When Bai Changming returned to his quarters in the Astral Pavilion, he found chaos.
The cramped partition had been ransacked—his robes spilled from the cabinet, long garments strewn across the floor. The bedding bore signs of rifling, and most of his daily utensils were gone. A single glance told him all he needed to know.
*"A mere sweeper from the Astral Pavilion dares feast at Moonview Pavilion? This Bai fellow's got gall! Serves him right to be taught a lesson."*
*"Hardly speaks a word all day—clearly looks down on everyone. These lofty types need to be taken down a peg."*
*"Seen plenty like him. Living in this dump proves he's gutter trash. Who's he putting on airs for?"*
The murmurs grew louder as a cluster of servants approached, freezing mid-step when they spotted Bai Changming inside. Smirks vanished; eyes darted away. The room plunged into suffocating silence.
He resisted the urge to wave off the stench of sweat and cheap food clinging to them, just as he'd endured the wine fumes the night before.

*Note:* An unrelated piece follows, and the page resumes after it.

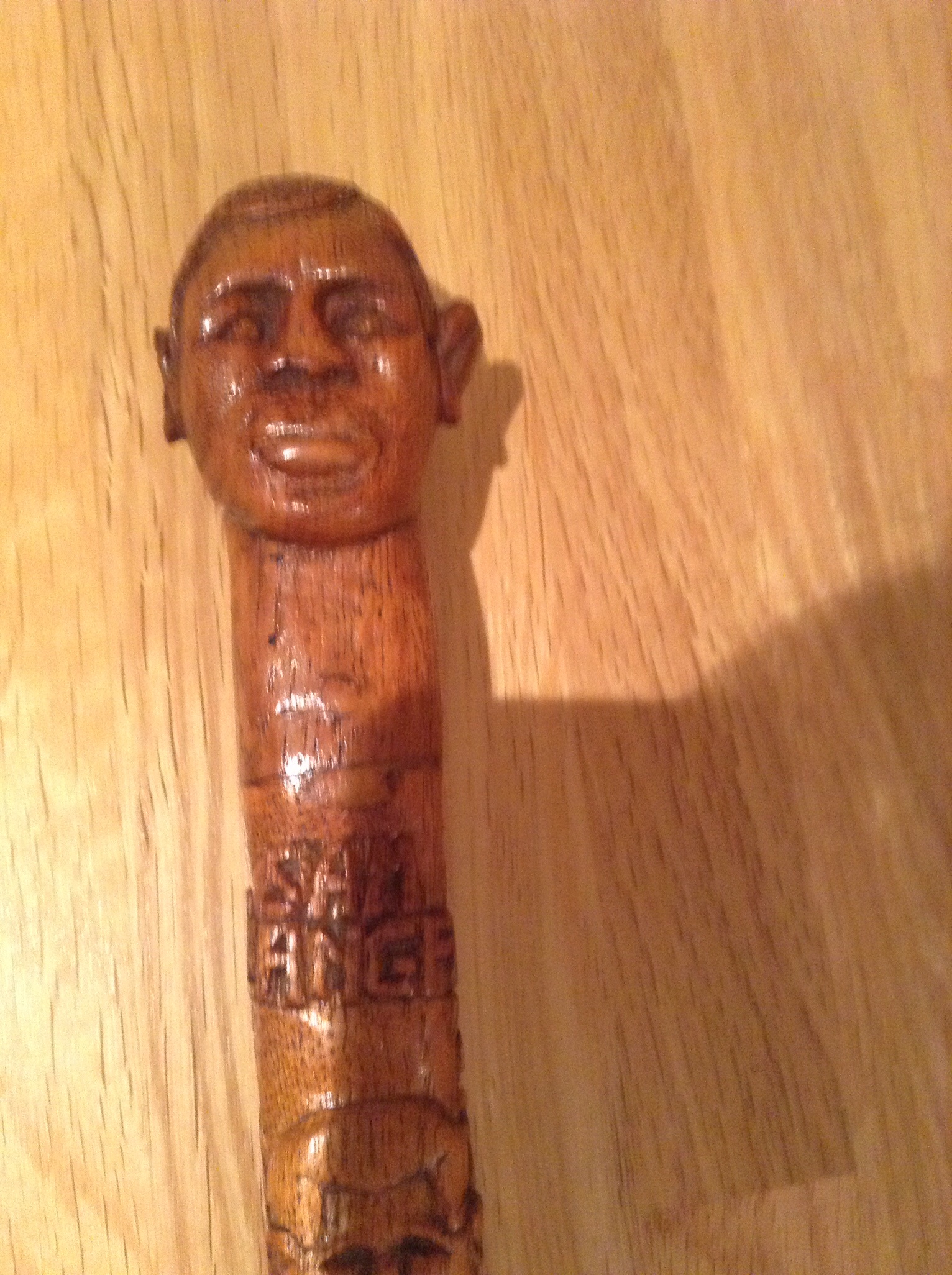 I saw this over on ebay forum but don't know too much about such things. I do think it has the potential to be a good item. It appears to be oak and, as such, I would think it is American in origin. It doesn't seem to be as old or as fine as some of the most sought after canes but it certainly is unique. Without a carver's name, it will probably be difficult to know a whole lot more.

Bai Changming studied them—the flickering gazes, the wrinkled noses, the fidgeting sleeves—and with two sweeps of his eyes, identified the culprits.

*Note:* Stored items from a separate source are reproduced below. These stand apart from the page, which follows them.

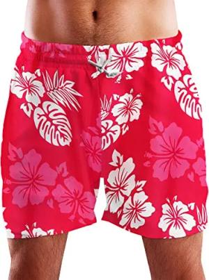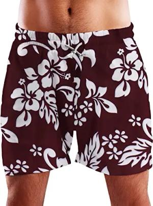Funky Hawaii Schwimm-Hose Bade-Hose Bade-Shorts, Hibiscus, Maroonrot, L
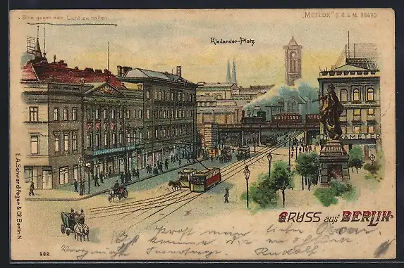 Lithographie Berlin, Alexanderplatz, Halt gegen das Licht
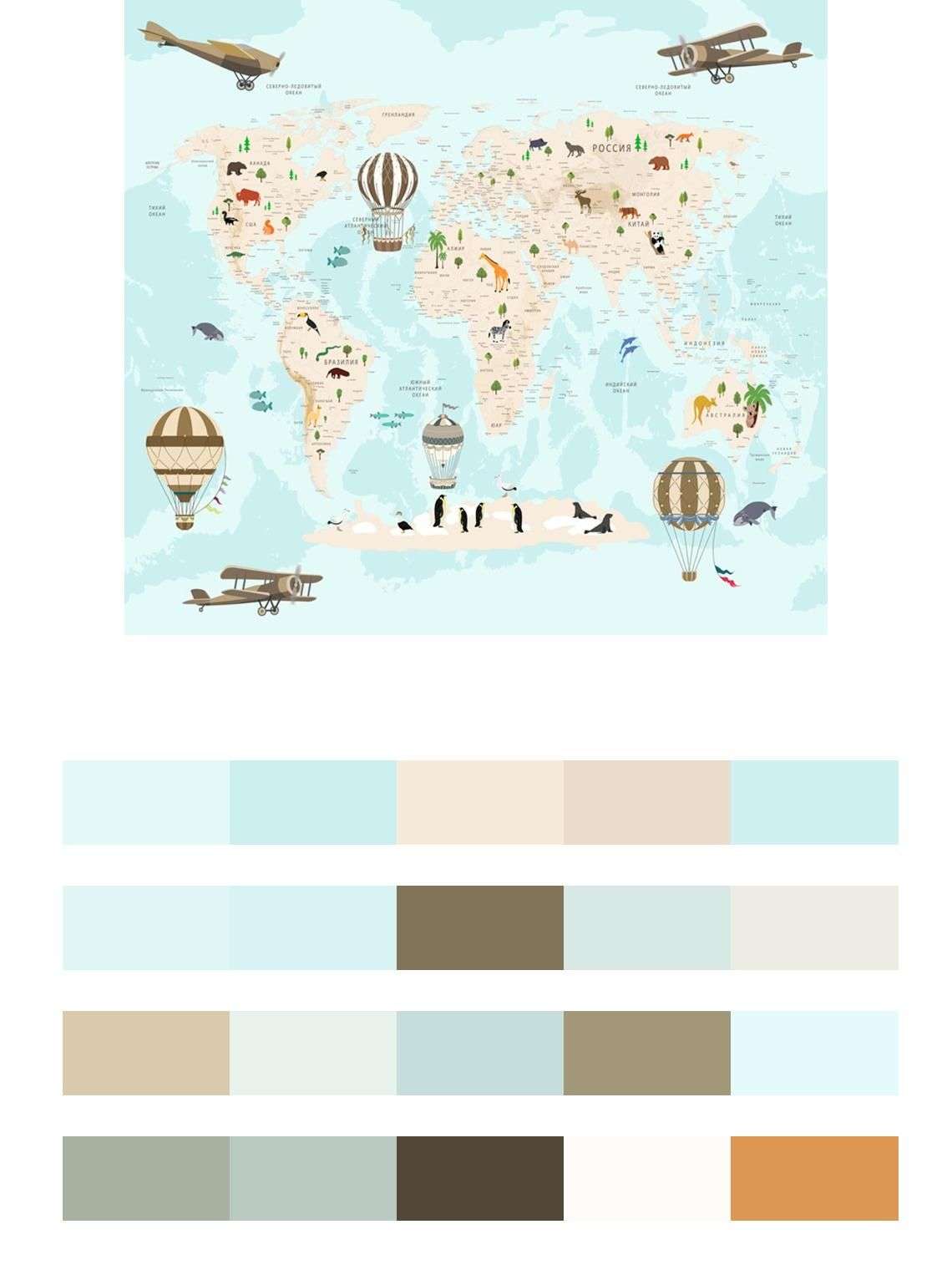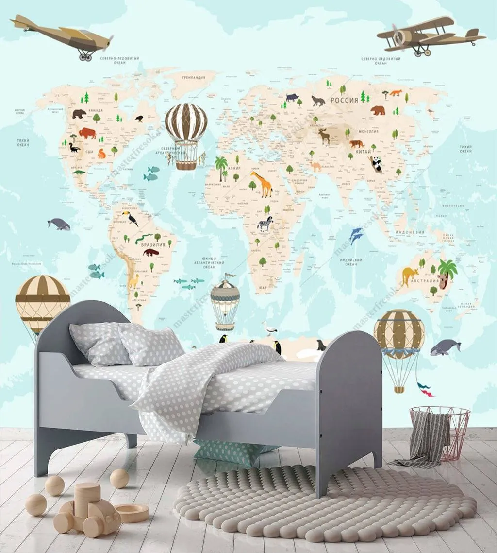 Бесшовные обои на стену: Карта мира русская. Артикул: 12-975
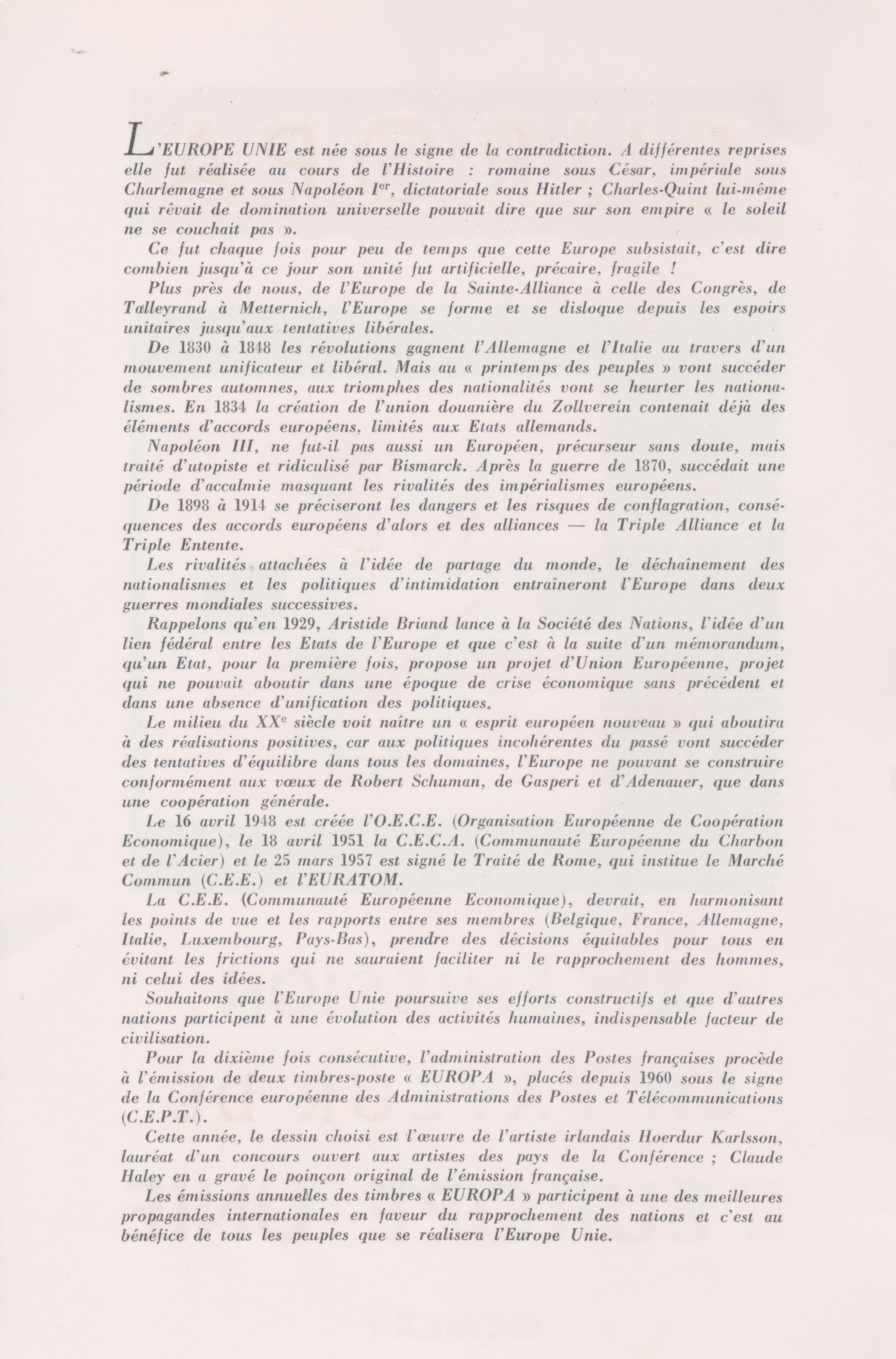 Dieses Faltblatt aus Frankreich zeigt die am 25.09.1965 ausgegebenen Europamarken mit dem Ersttagasstempel sowie mit drei verschiedenen Sonderstempeln entwertet:

There was a term for this: **"shame-turned-rage."** When faced with truths that shattered their narrow worldview, some lashed out to mask their exposed inadequacies. The consequences for others mattered little.
Ming Xuan had observed this **"malice"** in Saher City's mortals from afar. He'd tasted the same venom when the sorcerer cast him into this world unasked.
So when the ringleader's lips parted to snarl *"What're you staring at?"*, Bai Changming turned away first. Not a word. Just eyes like frozen steel.
The group stiffened under that gaze. Only after he left did the whispers resume: *"He dared glare at me!"* *"See? Exactly the stuck-up wretch we said!"*
Bai Changming didn't tidy the wreckage. He simply submitted his resignation to the steward.
---
**The next day**, Zheng Guan's routine inspection revealed shocking neglect: books piled haphazardly, artifacts dust-coated, floors littered with crumpled paper and nut shells. The culprits? The very servants who'd trashed Bai Changming's room. Zheng berated them until his veins bulged.
**By the fifth day**, with no improvement, Zheng's threats turned lethal. The servants knelt trembling, tears brimming.
**On the eighth day**, the **"Jade Hall"** pectoral—a five-piece jade ornament belonging to the Muan Prefecture office—went missing. By afternoon, it was "found" with laughable ease beneath the five servants' bedding.
Zheng Guan nearly spat blood. *"Of all the cursed luck—!"*
The five knelt in a row, not daring to breathe.
*"You maggots!"* Zheng hissed. *"Yesterday, Governor Yang divined malign forces in his northwest corner. Now I see—you're the calamity meant to ruin me! First the messes, now stealing Left Minister's jade? Eighty lashes each. Rot in jail!"*
---
Bai Changming, now in plain clothes, lounged on a rooftop opposite the prefecture jail, idly twirling willow leaves.
Screams of innocence and agony echoed from below. He watched dispassionately as thighs split open under the rods. Eighty strikes bordered on execution.
To him, it was no more remarkable than a meal.
First, he'd planted seeds of "disorder" in Zheng's mind with the theft. Then he'd exploited their incompetence—the cardinal sin for servants, much like poor grades damned students or low rank damned officials. By the third strike, their fate was sealed under Zheng's own hand.
Not a soul would ever connect this to him. He remained the silent, dull man they'd always dismissed.
These simpletons, driven by base instincts, couldn't fathom layered causality. As for the brutality? Bai Changming admitted a thrill beneath his ice. This was his rage, distilled.
A flick of his wrist snapped the willow branch.